La cuestión es que Lombardi siempre le había tenido miedo a Garmendia. Y al momento de subir a la F-100 tuvo un escalofrío punzante y la sensación de que el remedio iba a ser peor que la enfermedad. El chinchulín hablaba poco pero firme. Capaz de no alzar la voz y de jugarse la vida, recordó Lombardi.
Salieron de la municipalidad por la avenida San Martín. Lombardi se hizo la señal de la cruz al pasar por la Iglesia y sintió que el Chinchulín se reía con sus manos al volante. Pensó en decirle que ya no creía, que era un reflejo producto de años de creer o de la imposición familiar cuando niño. Luego decidió que iba a sentirse aún más ridículo, que el Chinchulín estaba en su terreno y él, el intelectual, el que se recibió en La Plata y conoció un mundo más sofisticado, el que para los ojos de la gente como Garmendia era casi un cajetilla, aunque claro, siempre se olvidaban de su origen humilde, del barrio de calle de tierra junto al molino harinero que le daba nombre: barrio “El molino”, nacido y criado de la vía para allá, donde por las tardes de verano debía pasar el regador, ya que la tierra que volaba era insoportable y él jugaba ahí, con su esa gente, par de quien ahora estaba a su lado, manejando con un pasto en la boca, mascullando alguna cumbia o una plegaria o tal vez el momento incierto de que uno de los cinco tipos que usaban corbata en el pueblo estuviera bajando el vidrio de la ventanilla de acompañante de su camioneta y amagara a decir algo, pero que, al final, decide quedarse en silencio.
Dieron un rodeo por la plaza y se encaminaron hacia el corralón municipal. Ahí los esperaba el Topo Arce con la pala mecánica lista para salir. Al ver la camioneta que se acercaba, el Topo se bajó del vehículo, y quedó de pie junto a la pala, acomodándose las bolas en un gesto exagerado pero muy propio de él cuando se sentía la última Coca Cola del desierto. Y cuando no, también. A modo de saludo, desde lejos levantó el mentón casi con desprecio hacia el secretario y dijo algo del tipo “así que el dotor va a meter las patas en el barro... todo sea por el general, ¿no?” o alguna otra cosa parecida.
            Lombardi sintió la mirada sobradora y se acercó a darle la mano a Arce, algo que hizo que le llamara la atención, sobre todo la aspereza de las manos del conductor de la pala, cuyos dedos eran demasiado rudos para las delicadas falanges del secretario y así se lo hizo saber con un apretón que activó o detonó, al mismo tiempo, una sonrisa con un altísimo porcentaje de sorna en el apretador y un gesto derivado de la represión al impulso natural, reflejo del dolor que hubieran mostrado los músculos de la cara del apretado.
            Cada vez más lejos de casa, pensó el secretario.
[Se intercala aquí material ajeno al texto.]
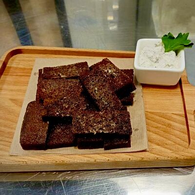 Бородинский хлеб, чеснок, масло растительное, чесночный соус
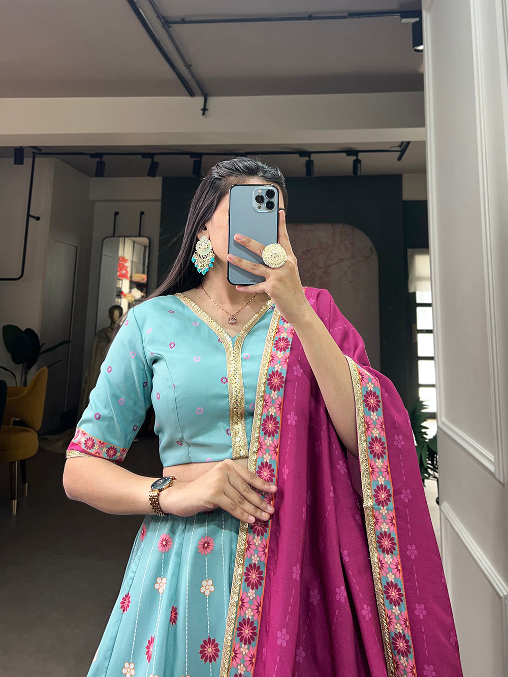 Sky Blue Color Printed With Sequins Lace Border Vaishali silk Lehenga Choli
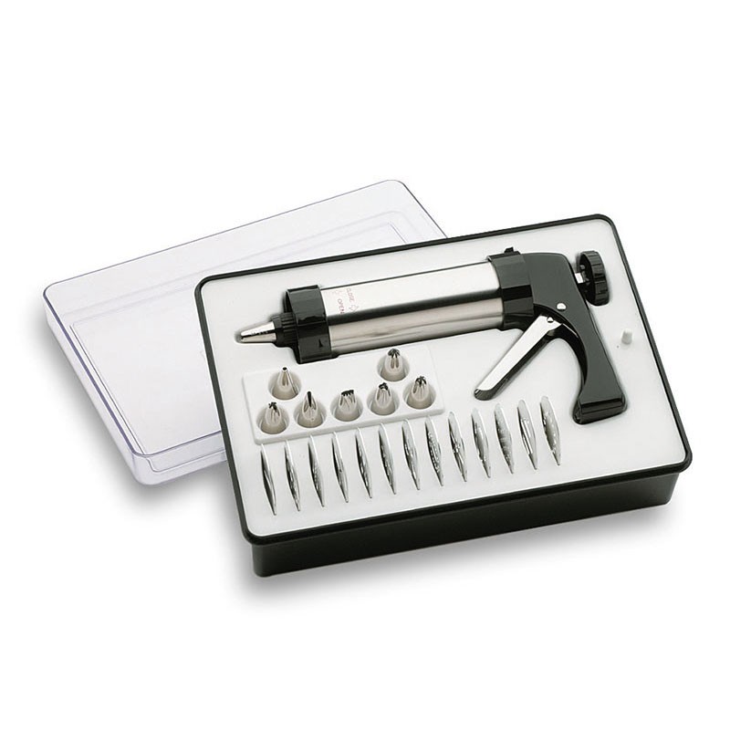 Ampliar Estuche con pistola de 250 ml fabricada en acero inoxidable más set de boquillas y accesorios para decorar o rellenar productos de repostería.
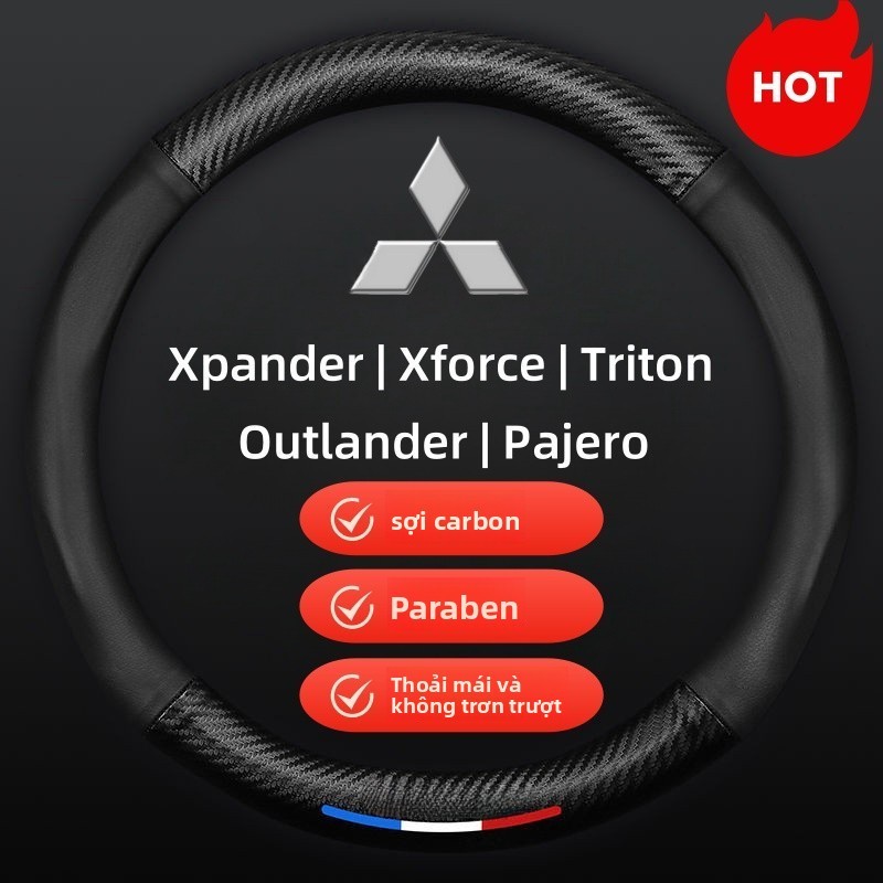 Mitsubishi Bọc vô lăng xpander xforce outlander attrage triton pajero attra jolie lancer atrage da Nappa da Tay lái bằng sợi carbon khí size 38 cm

Mientras tanto, entre ambos conductores se generó una breve conversación sobre los hijos (tema sellado inmediatamente con un “ahí, creciendo” de parte de Garmendia), el trabajo, y otras cuestiones, como el cartel de venta de la camioneta de Garmendia, cuya una de sus esquinas estaba despegada, anteponiendo una enorme cortina de indiferencia para con Lombardi, que cada tanto miraba su reloj, los interlocutores y un repaso a los alrededores, en ese orden.
            Por fin, casi “como si se despertara de golpe”, recordó luego Lombardi, el Topo Arce incluyó al secretario en la conversación para informarle que ya había hablado con Mastroiacovo y que no había problema en ir a unos de sus potreros a por las lombrices, todo sea por el general, ¿no? Todo sea por el general, rumió Lombardi. Y agregó, como ganando confianza, que de paso, podían ir yendo, no había demasiado tiempo para perder en pequeñeces, palabra que eligió a último momento, ya que iba a decir nimiedades, y supuso que hubiera generado algún tipo de rencor en las dos personas que lo escuchaban, aunque el resultado de decir pequeñeces fue que lo miraron como a un maricón. ¿Vamos?, insistió el secretario.
            Inexplicablemente, subieron los tres a la cabina de la pala mecánica, siendo que podían ir dos en la camioneta y el conductor de la pala solo, con un amplio margen de comodidad. Me cago en dios, rumió el secretario pero ninguno de los otros hizo eco del murmullo y en cierta forma le dio algo de alivio.
            Dicen que el viejo Mastroiacovo le debe un par de favores al padre del intendente, que no sino no sé cómo le puede dar permiso para agujerearle la tierra, dijo Arce, con una sonrisa torcida y acomodándose de nuevo las bolas a su manera y palmeando, acto seguido, el hombro de Lombardi, que puteaba para adentro en tres o cuatro idiomas.
Una vez llegados al campo abrieron la tranquera y llegaron al chale de Mastroiacovo que estaba con los brazos adentro de un tanque australiano, pareciera que armando una pócima gigante, pensó el secretario. A pesar de que el ruido de la pala mecánica era demasiado evidente de su presencia, el viejo no se dio por enterado hasta que lo llamaron, a los gritos, sin bajarse de la cabina.
El viejo se sacó un lastimoso sombrero de paja y se acercó sonriendo, balanceando apenas la cabeza. Por fin, apoyó un pie en el estribo y habló con voz pastosa, uno más canchero que el otro, pensó el secretario, qué tal Garmendia, Arce, ¿y usted, jovencito?, viene muy elegante para sacar lombrices. Lombardi, dijo Lombardi. Me apellido Lombardi, hijo de Néstor.
Las arrugas del viejo se expandieron como una mancha de aceite por su cara y apenas se aquietaron en una mueca exagerada, habló desde el pozo negro que era su boca. Néstor Lombardi... Pero si habré jugado al fobal con su padre, hijo. Está crecido, muchacho.
Lombardi sonrió lo más que pudo dentro de su incomodidad. Y, es el tiempo. El tiempo pasa, vio. Cómo ahora, que no tenemos mucho tiempo para hacer lo que vinimos. Mastroiacovo lo miraba aceitoso, expandido, exagerado, sin escucharlo. Nos puede decir dónde excavamos, dijo el secretario.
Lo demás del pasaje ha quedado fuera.